Find the magnitude of the resultant vector of two 5-pound forces that act on an object with an angle of 70° between them.
let
u = (5,0)
v = (5cos70°,5sin70°)
then
u+v = (5(1+cos70°),5sin70°) = (6.71,4.70)
now just get |u+v| and its direction
To find the magnitude of the resultant vector, we can use the law of cosines.
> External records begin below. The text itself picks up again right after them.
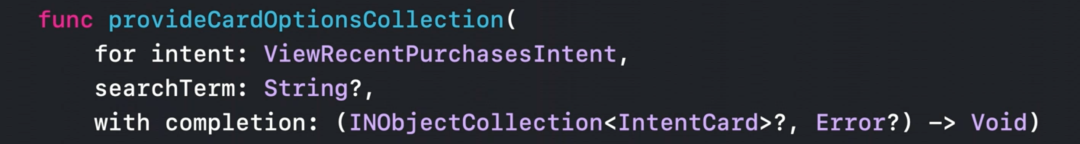 在打开该选项后,Xcode 会为生成的 IntentHandling 协议的 provideCardOptionsCollection(for:with:) 方法添加一个 searchTerm 参数: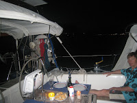 Ankkuripaikalla kävi miellyttävä vilpoinen tuuli. Nautimme iltapalan veneen kannella katsellen kaupungin valoja.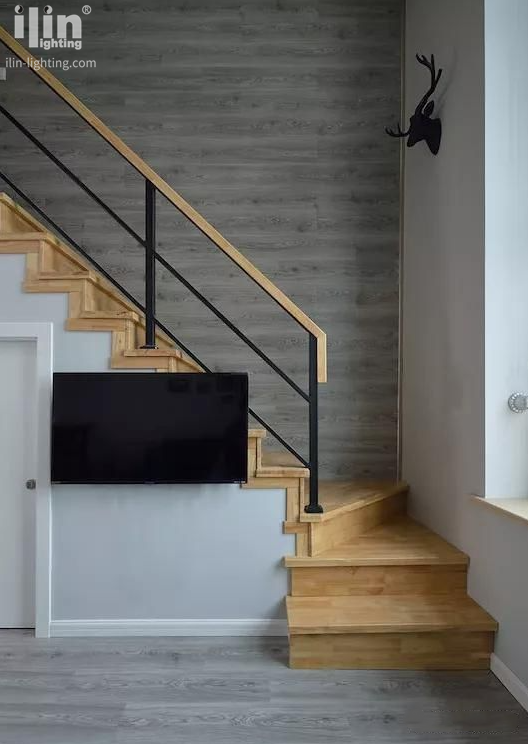 樓梯側(cè)墻采用木地板上墻的形式,讓空間更有層次,與地面呼應(yīng)一體。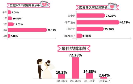 婚姻有7年之痒,恋爱则有3年之坎。调查显示,近六成的男女认为恋爱3年都不提结婚就会面临分手危机,超过9成的男女认为,恋爱一年或者更短时间即可安排见家长。尽管如今大龄单身的趋势愈来愈强,七成单身男女依然认为26-30岁的年龄区间才是最佳结婚年龄。
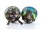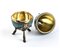 in argento dorato, apribile con chiusura ad innesto, decorato in policromia con rane e fogliame, poggiante su tre piedi a zoccolo animale.

The law of cosines states that for any triangle with sides a, b, and c, and angle C opposite to side c:
c^2 = a^2 + b^2 - 2ab*cos(C)
In this case, the two forces are the sides of a triangle, and we want to find the magnitude of the resultant vector, which is the length of the third side of the triangle.
Let's call the magnitude of the resultant vector R. We have two forces of 5 pounds each, which we'll call F1 and F2. The angle between them is 70°.
Using the law of cosines, we can write:
R^2 = F1^2 + F2^2 - 2*F1*F2*cos(70°)
Substituting the values, we get:
R^2 = (5)^2 + (5)^2 - 2*(5)*(5)*cos(70°)
Now, we can calculate the magnitude of the resultant vector:
R = sqrt( (5)^2 + (5)^2 - 2*(5)*(5)*cos(70°) )
Computing this expression, we find:
R ≈ 8.04 pounds
Therefore, the magnitude of the resultant vector is approximately 8.04 pounds.